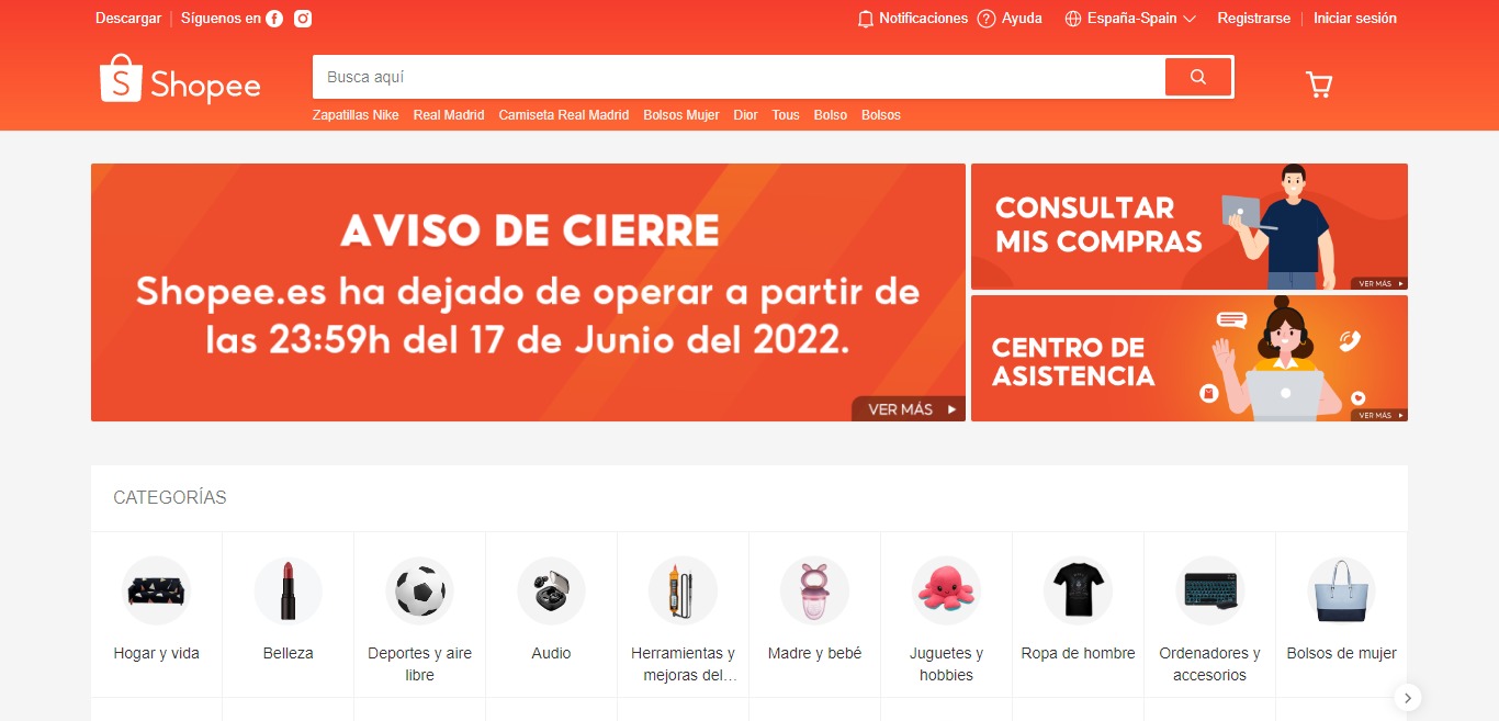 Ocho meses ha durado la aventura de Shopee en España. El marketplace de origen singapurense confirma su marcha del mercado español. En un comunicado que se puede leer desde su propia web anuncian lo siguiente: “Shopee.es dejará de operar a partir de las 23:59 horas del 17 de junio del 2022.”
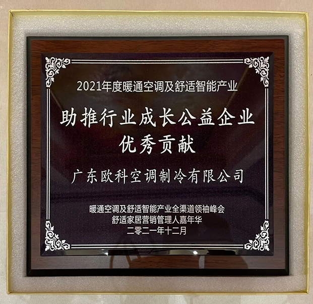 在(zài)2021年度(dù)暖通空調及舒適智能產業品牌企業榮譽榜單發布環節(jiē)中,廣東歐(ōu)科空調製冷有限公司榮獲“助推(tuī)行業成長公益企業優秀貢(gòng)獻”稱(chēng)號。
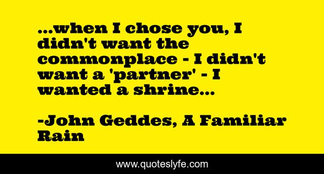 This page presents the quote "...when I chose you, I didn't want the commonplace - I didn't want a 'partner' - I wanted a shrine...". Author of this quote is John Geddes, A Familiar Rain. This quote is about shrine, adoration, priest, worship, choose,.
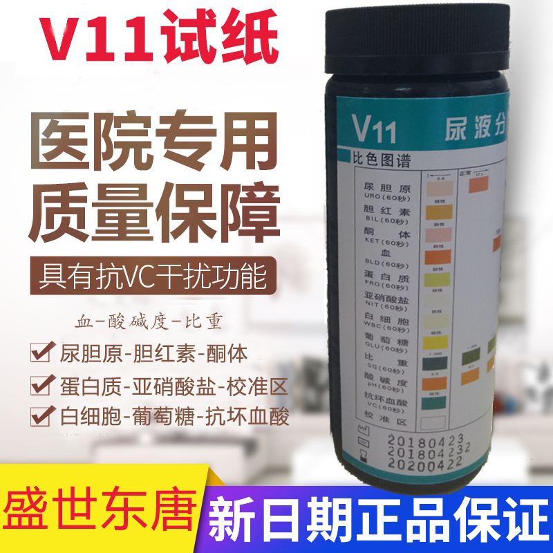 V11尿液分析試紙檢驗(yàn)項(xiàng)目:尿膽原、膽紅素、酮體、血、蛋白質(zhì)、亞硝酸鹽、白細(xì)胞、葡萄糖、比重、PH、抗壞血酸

▶ **What is needed**: Give the data again word for word, without images.

▶ **Worked solution**:
 Ocho meses ha durado la aventura de Shopee en España. El marketplace de origen singapurense confirma su marcha del mercado español. En un comunicado que se puede leer desde su propia web anuncian lo siguiente: “Shopee.es dejará de operar a partir de las 23:59 horas del 17 de junio del 2022.”
 在(zài)2021年度(dù)暖通空調及舒適智能產業品牌企業榮譽榜單發布環節(jiē)中,廣東歐(ōu)科空調製冷有限公司榮獲“助推(tuī)行業成長公益企業優秀貢(gòng)獻”稱(chēng)號。
 This page presents the quote "...when I chose you, I didn't want the commonplace - I didn't want a 'partner' - I wanted a shrine...". Author of this quote is John Geddes, A Familiar Rain. This quote is about shrine, adoration, priest, worship, choose,.
 V11尿液分析試紙檢驗(yàn)項(xiàng)目:尿膽原、膽紅素、酮體、血、蛋白質(zhì)、亞硝酸鹽、白細(xì)胞、葡萄糖、比重、PH、抗壞血酸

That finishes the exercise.